Steven barked, “Cameron!” and both boys fell silent.
“James, I agree with Mr. Bishop. The two of you are going to have to work together. The group is moving out, so get a move on.”
“Don’t bother trying to change my mind. Off you go. And James, think about Gary while you’re at it.”
James narrowed his eyes at her, but did as she said. Apparently Cameron knew when he was wasting his time and didn’t try to get around his dad’s orders.
Unfortunately. Because Mel suddenly found herself alone with the man. And since he made her feel jumpy and unsure of herself, she’d been trying to steer clear of him since the trip had begun. However, between being the only two single parents on the excursion, and Belinda constantly trying to push them together, that had turned into something of a challenge.
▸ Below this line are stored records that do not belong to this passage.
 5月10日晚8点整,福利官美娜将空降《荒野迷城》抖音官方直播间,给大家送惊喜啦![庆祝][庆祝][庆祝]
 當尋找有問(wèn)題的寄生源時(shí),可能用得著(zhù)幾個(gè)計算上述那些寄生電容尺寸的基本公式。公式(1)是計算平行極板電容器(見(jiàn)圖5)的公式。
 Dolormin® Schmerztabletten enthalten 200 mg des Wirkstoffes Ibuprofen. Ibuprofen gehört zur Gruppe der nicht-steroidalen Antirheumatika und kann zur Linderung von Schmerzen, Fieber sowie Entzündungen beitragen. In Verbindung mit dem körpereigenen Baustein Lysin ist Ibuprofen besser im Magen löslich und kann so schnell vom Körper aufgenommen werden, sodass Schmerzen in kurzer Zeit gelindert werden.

Oh well. It looked liked she’d finally have to relax and deal with the fact that he made her jumpy because she found him attractive. And if he watched half as much as Bee said, maybe he felt the same way about her.
Only one way to find out.
She fell into step with him. “How do you know what’s up ahead?”
He grinned down at her, as if he knew she’d deliberately struck up a benign conversation. “I thought this trip was a good idea. Why should these team building and problem solving exercises just be for the corporate world? Cameron wanted to give it a try, and I agreed, but thought I should get the lay of the land first. That’s how I know what’s up ahead. And believe me, not too far ahead, those two are going to have to put aside their jock, geek differences and rely on each others strengths. Who’s Gary?”
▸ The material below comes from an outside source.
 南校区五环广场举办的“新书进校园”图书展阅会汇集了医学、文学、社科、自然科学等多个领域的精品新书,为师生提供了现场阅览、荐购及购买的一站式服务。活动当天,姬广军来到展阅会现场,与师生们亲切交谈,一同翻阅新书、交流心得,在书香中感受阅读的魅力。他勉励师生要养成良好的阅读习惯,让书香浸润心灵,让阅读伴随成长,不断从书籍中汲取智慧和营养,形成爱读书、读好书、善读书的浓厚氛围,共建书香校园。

The question threw her. Likely because she hadn’t really been listening to him. She’d been cataloguing all she’d learned about him in the last few days, and concluding that it all equaled up to a really great guy. Even if he did seem kind of brooding sometimes.
“What? Oh. Gary. He’s a kid that used to live a few houses down from us. He was born without hair-I forget the name of the disease-and the kids would make fun of him because he was bald. James always defended him. Said you shouldn’t pick on other people just because they were different than you. They ended up being great friends.”
“Your son sounds like a good kid.”
“He is. Tell me about… oh, no. Are they going to get hurt?”
They’d come to a part in the stream where the water ran much faster. And their guide was leading everyone across it! On a series of rocks.
“No. This is the one of the points in the trip where they start honing those team work and problem solving skills. They’re both smart kids, and they each bring something different to the table. If they work together, decide to trust each other, they’ll make it across just fine.”
Mel watched the boys, her mind full of the fact that soon it would be her turn to make the trip. Chewing her lip, she looked up at Steven.
And found his intent gaze trained on her.
He put his hand out to her. “Will you trust me?”
She looked at his hand, then turned back to check on the boys. They were about half way across the oddly placed stepping stones made by the rocks. Yelling at each other of course, but she caught the undertone of laughter in their voices. As if a grudging degree of camaraderie had sprung up between them.
Putting her hand in his, she said, “I’ll trust you to help get us across to the other side.” Then she grinned, letting go of the insecurities that had plagued her since meeting him. “After that, we’ll see. You may need to convince me every step of the way.”
Tugging on her hand, he pulled her in close, then whispered in her ear. “I fairly sure you’re worth the effort.”
“Then let’s get this team building started.”